Debiasing Sequential Recommendation with Time-aware Inverse Propensity Scoring
This work is significant for researchers and practitioners in sequential recommendation systems, as it offers an incremental improvement to existing methods by addressing biases related to item exposure and user interest.
The paper addresses selection and exposure biases in sequential recommendation systems by proposing Time-aware Inverse Propensity Scoring (TIPS). TIPS accounts for sequential dependencies and temporal dynamics, leading to consistent enhancements in recommendation performance when integrated as a plug-in for various sequential recommenders.
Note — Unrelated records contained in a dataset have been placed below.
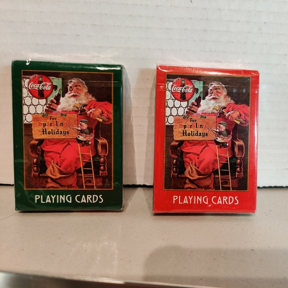 - 1998 Limited Edt Coca Cola Holidays Santa Nostalgia Playing Cards Two Decks Tin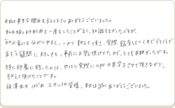 先生のこれまでの経験、知識を余すことなくオープンに教えてくださったと感じています。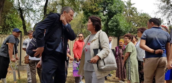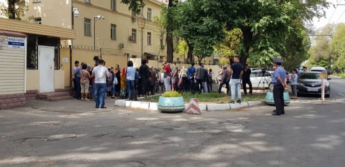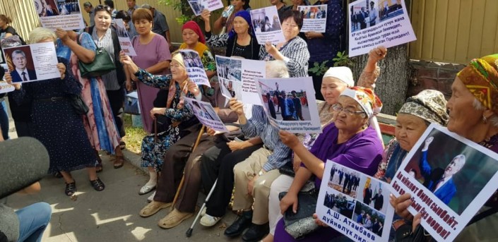 Отметим, у здания ГКНБ собралось около 40 человек, среди них пожилые женщины, с плакатами в поддержку бывшего президента.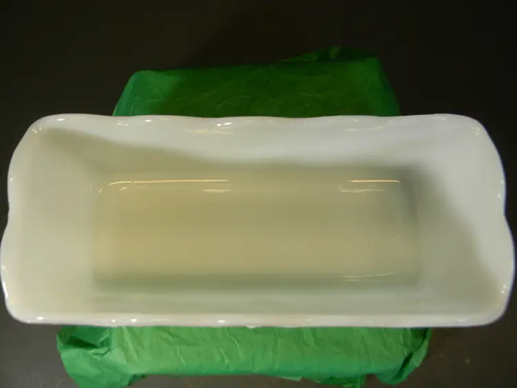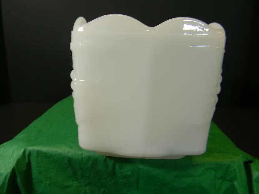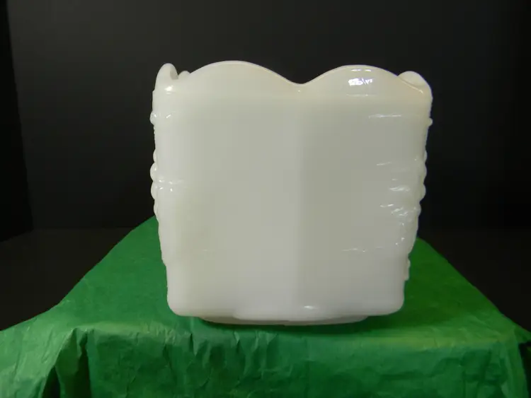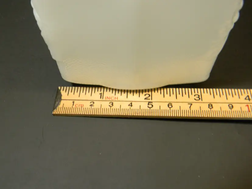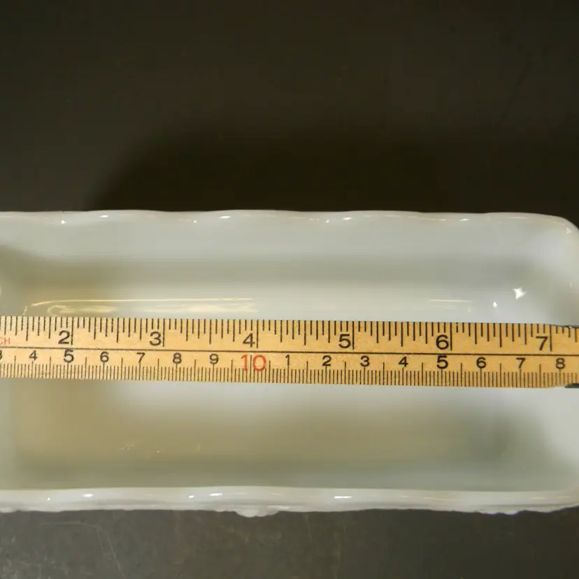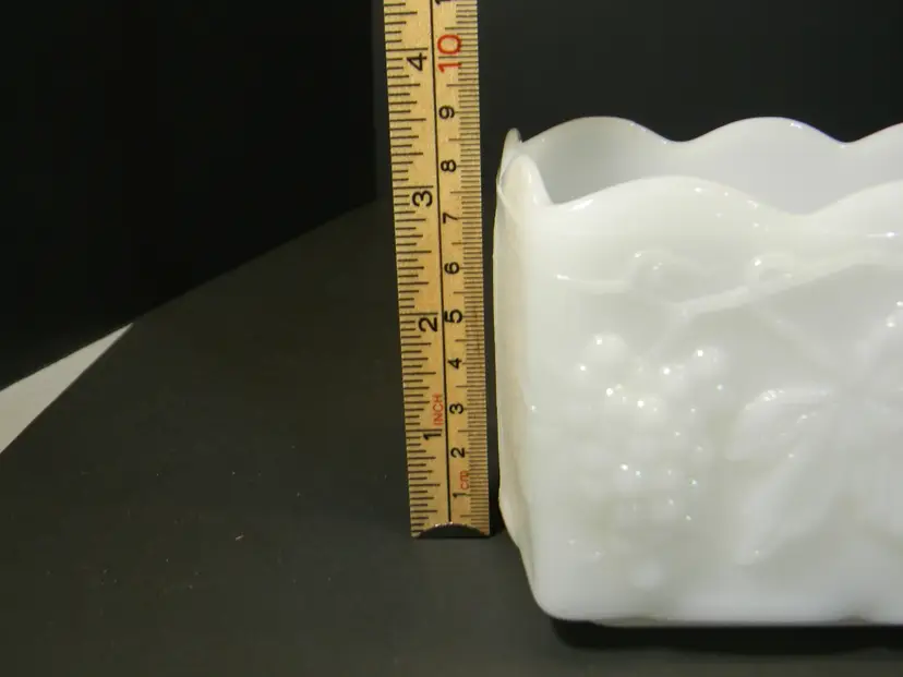 Wonderful Milk Glass grape leaf pattern from Anchor Hocking Fire King Measurements approximately 3 1/2 inches tall, 7 1/2 inches long, and 3 1/2 inches wide. No cracks or chips there is a scratch on the bottom see photo used condition No Stains No Box or Paperwork **See all photos before purchasing Measurements are in the photos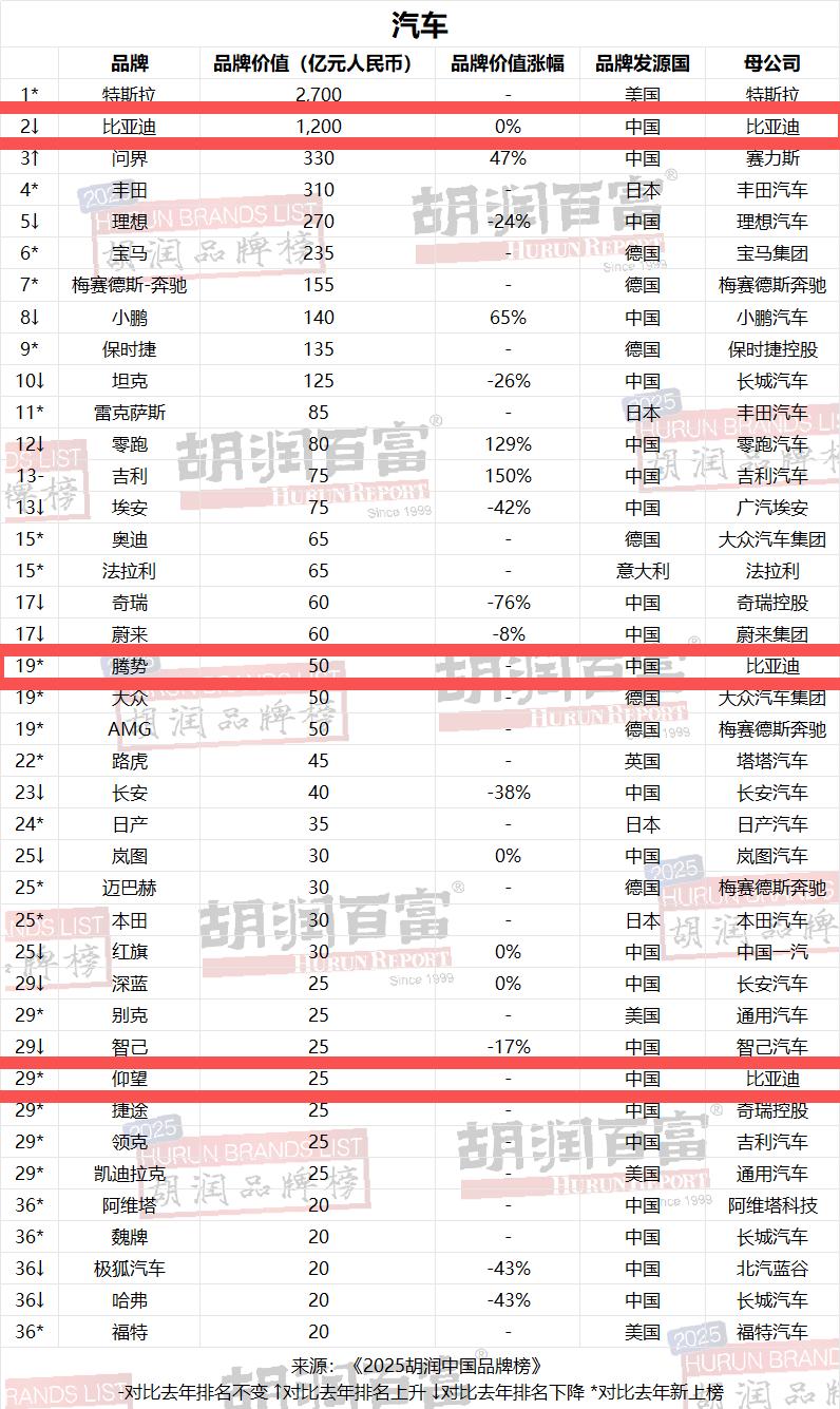 2月3日,规则调整后的2025胡润汽车品牌榜出炉。榜单显示,比亚迪以1200亿元品牌价值连续四年蝉联中国汽车品牌第一名。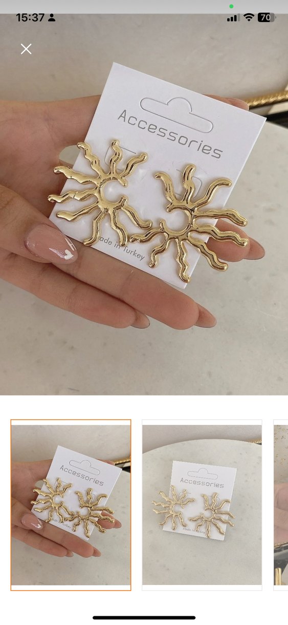 Parlak altın renkli, güneş desenli mini küpeler, günlük kullanım için bohem ve minimalist tarzda. Kutusunda yollanacaktır

Sequential Recommendation (SR) predicts users next interactions by modeling the temporal order of their historical behaviors. Existing approaches, including traditional sequential models and generative recommenders, achieve strong performance but primarily rely on explicit interactions such as clicks or purchases while overlooking item exposures. This ignorance introduces selection bias, where exposed but unclicked items are misinterpreted as disinterest, and exposure bias, where unexposed items are treated as irrelevant. Effectively addressing these biases requires distinguishing between items that were "not exposed" and those that were "not of interest", which cannot be reliably inferred from correlations in historical data. Counterfactual reasoning provides a natural solution by estimating user preferences under hypothetical exposure, and Inverse Propensity Scoring (IPS) is a common tool for such estimation. However, conventional IPS methods are static and fail to capture the sequential dependencies and temporal dynamics of user behavior. To overcome these limitations, we propose Time aware Inverse Propensity Scoring (TIPS). Unlike traditional static IPS, TIPS effectively accounts for sequential dependencies and temporal dynamics, thereby capturing user preferences more accurately. Extensive experiments show that TIPS consistently enhances recommendation performance as a plug-in for various sequential recommenders. Our code will be publicly available upon acceptance.